Although Canada’s residential real estate markets are facing a significant supply shortage, the housing stock grew at a faster pace than the total population in major cities in recent years.

From 2019 to 2021, the population in the Toronto census metropolitan area (CMA) grew by 1.3%, while the region’s housing stock increased by 3.5%, or 61,320 properties. A similar trend was seen in the Vancouver CMA, with the population increasing 2.1% as the housing stock jumped by 3.6%, or 28,085 properties.

This data is included in the latest release from the Canadian Housing Statistics Program, a data project from Statistics Canada. Condominium apartments accounted for more than half of the growth in both CMAs, with the housing type increasing by 38,070 units in Toronto and 19,970 units in Vancouver from 2019 to 2021. Both regions also saw the number of row houses surpass the number of single detached houses.

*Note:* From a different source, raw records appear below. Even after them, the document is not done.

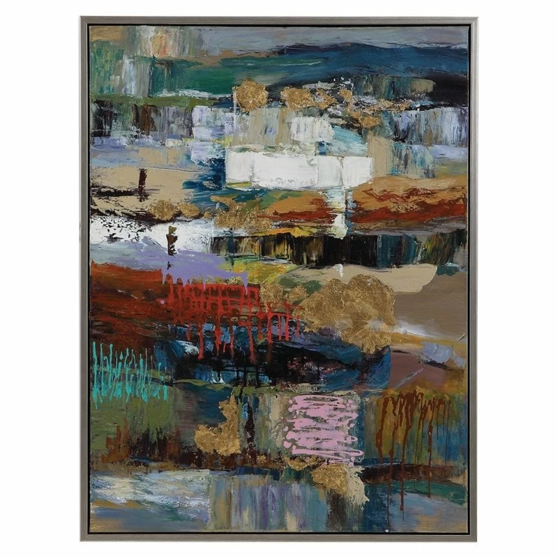 Bold, graphic brushstrokes make up this modern, hand painted abstract on canvas. The multi-colored composition showcases dynamic shades of blue, green, black, brown, and yellow with pops of salmon and lavender. An antiqued silver leaf gallery frame completes this artwork. Due to the handcrafted nature of this work, each piece may have subtle differences. This piece may be hung horizontal or vertical. With the advanced product engineering and packaging reinforcement, uttermost maintains some of the lowest damage rates in the industry. Each product is designed, manufactured and packaged with shipping in mind.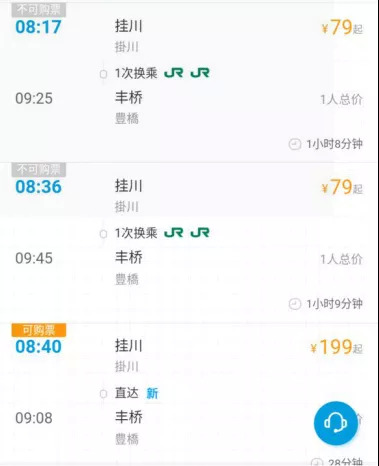 日本挂川到丰桥,最便宜票价79元,最贵的199元。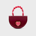 Cartera de tamaño compacto en cuero color mora, con silueta media luna y diseño estructurado. En el frente luce un corazón aplicado en tono rosado con marco dorado, que suma un detalle dulce y distintivo. Tiene asa corta de cuentas en tono rosado traslúcido, ideal para llevar en la mano. Un diseño llamativo y femenino que combina carácter y romanticismo en una sola pieza.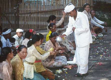 TEMPELFESTOdalan heißt das Fest zum Jahrestag der Tempelweihe, dann besuchen die Götter diesen Ort. Es findet entweder alle 210 oder alle 360 Tage statt. Der Tempel wird rituell gereinigt, der Eingang mit Schirmchen verziert, die steinernen Figuren werden mit Tüchern geschmückt, man vertreibt gemeinsam die bösen Geister und festigt mit diesen Aktionen gleichzeitig die Bande der Dorfgemeinschaft. Am frühen Morgen findet meist ein Hahnenkampf statt.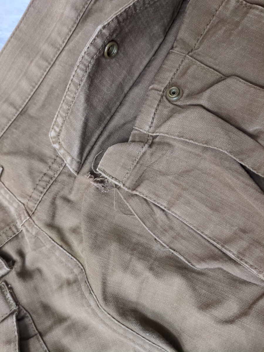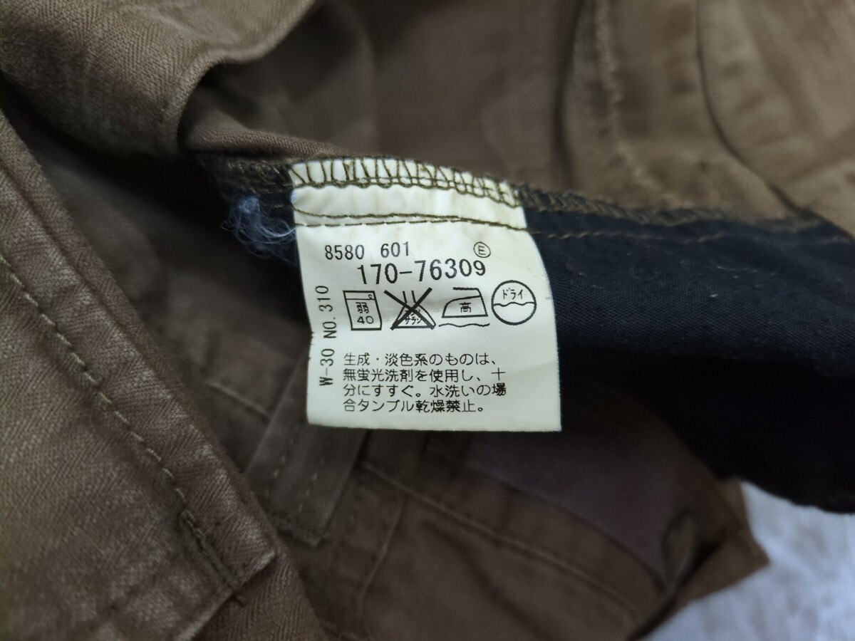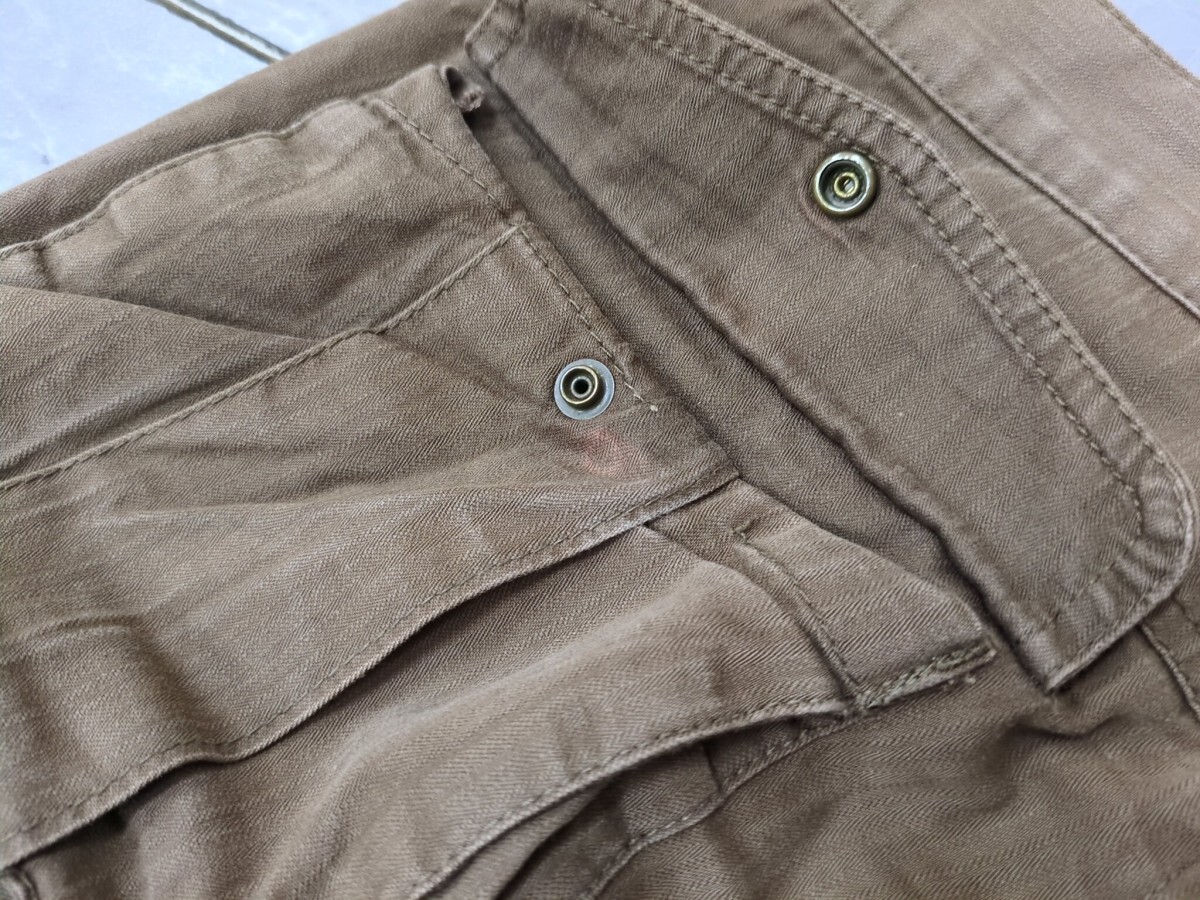 | バック上部に穴 バックポケットボタン留め付近に着色 裾に擦れキズ 汚れ 使用感があります |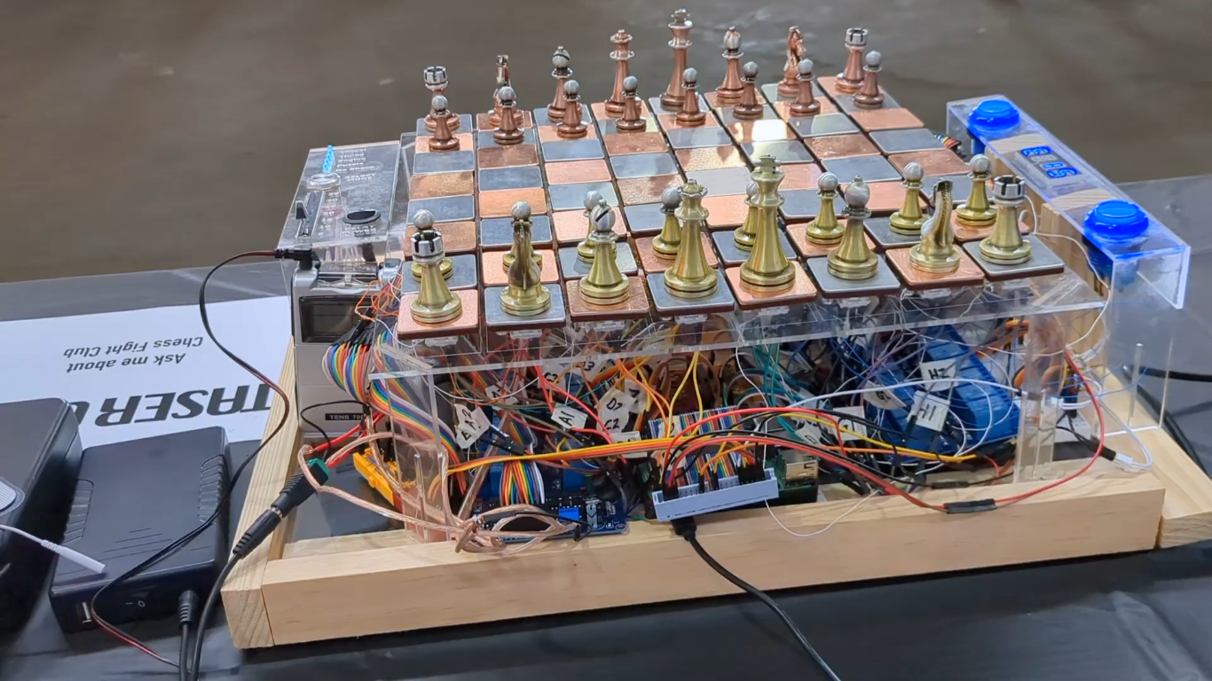 This project took [Everything is Hacked] over a year to get into a working condition, including having to rebuild the entire project twice after mishaps with baggage handling at an airline. But he was able to demo the board to the Open Sauce tech festival and even took it to his local park to play chess with the local hustlers. Unfortunately, he reports that he spent more time reworking and rewiring his board over that year than he did improving his chess game, so unfortunately he still hasn’t been able to win any of his money back yet. Perhaps combining this project with a chess-playing robot would help.

Toronto added 12,825 net new row houses and 8,425 net new single-detached homes; Vancouver saw the former increase by 6,245 and a net reduction in the latter of 3,680. Differences appear when properties with multiple residential units — which StatCan noted are a “prime source of rental supply” — are concerned. Toronto added just 55 such properties from 2019 to 2021, while Vancouver saw a net increase of 6,020.

The discrepancy is due to differences in densification — Toronto produces a higher number of large housing structures, such as rental apartment towers, while Vancouver opts for more concentrated forms of density, such as duplexes and laneway suites.